Assignment:
Down to the last line, retype the records below exactly and skip the pictures.

[Source data Boundary: Start]

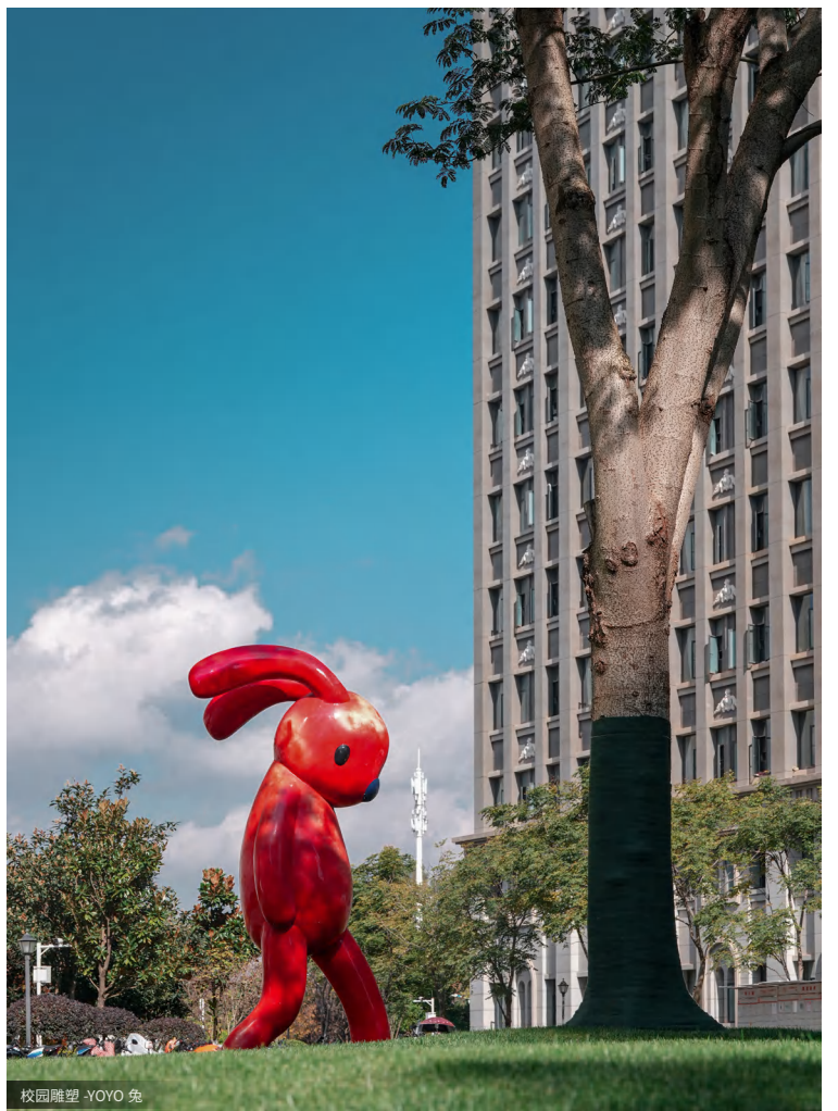
校园雕塑 -YOYO 兔
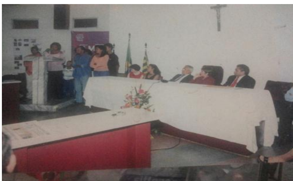
Imagem 01: Recebendo o título de cidadã picoense.

Aos poucos, os olhares de reprovação foram se ressignificando e dando lugar ao reconhecimento de uma vida de luta, ao que se percebe na fotografia abaixo:
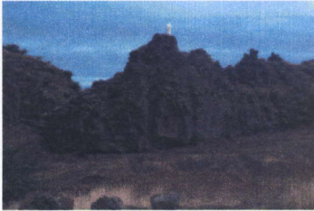
Bairro São Paulo, Praia
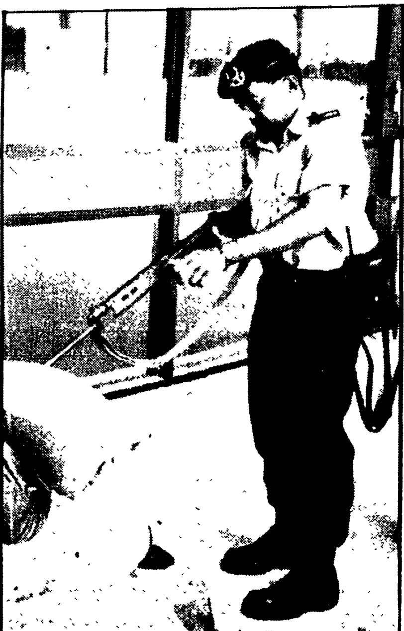
MONTREAL — Un soldato del servizio speciale canadese di stanza fissa presso l'alloggio degli israeliani «sonda» con la canna del fucile i sacchi di sabbia ammucchiati «per ogni evenienza». Nel sistema di sicurezza non c'è posto per la fiducia.
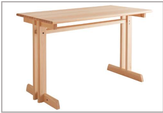
キューブ テーブル Cube Table
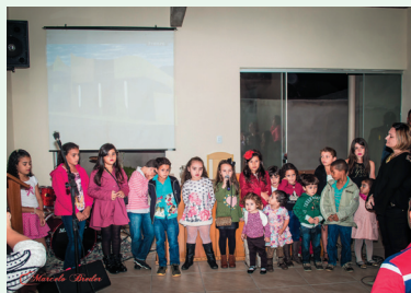
Participação das crianças
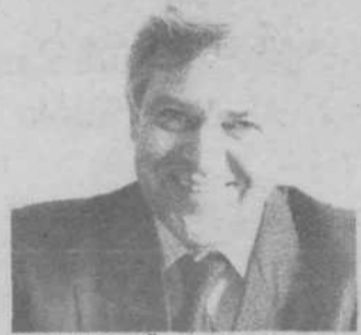
MILAN KUČAN, diplomirani pravnik, rojen 1941. leta.

Kandidat za predsednika predsedstva republike Slovenije
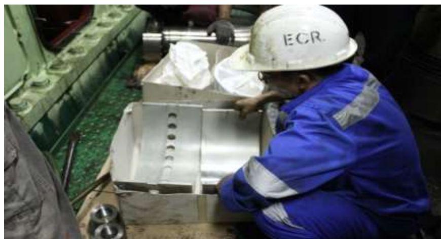
Gambar 11 Bearing/Metal KM. Cakra Kembar Satu

Fungsi : Mencegah keausan dan mengurangi gesekan pada poros engkol (crank shaft)
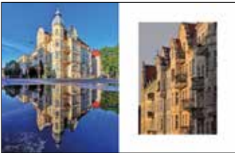
Zbieg ulic Mickiewicza i Kochanowskiego Kamienica przy rynku Jeżyckim

[Source data Boundary: End]

Solution to this exercise:
校园雕塑 -YOYO 兔
Imagem 01: Recebendo o título de cidadã picoense.

Aos poucos, os olhares de reprovação foram se ressignificando e dando lugar ao reconhecimento de uma vida de luta, ao que se percebe na fotografia abaixo:
Bairro São Paulo, Praia
MONTREAL — Un soldato del servizio speciale canadese di stanza fissa presso l'alloggio degli israeliani «sonda» con la canna del fucile i sacchi di sabbia ammucchiati «per ogni evenienza». Nel sistema di sicurezza non c'è posto per la fiducia.
キューブ テーブル Cube Table
Participação das crianças
MILAN KUČAN, diplomirani pravnik, rojen 1941. leta.

Kandidat za predsednika predsedstva republike Slovenije
Gambar 11 Bearing/Metal KM. Cakra Kembar Satu

Fungsi : Mencegah keausan dan mengurangi gesekan pada poros engkol (crank shaft)
Zbieg ulic Mickiewicza i Kochanowskiego Kamienica przy rynku Jeżyckim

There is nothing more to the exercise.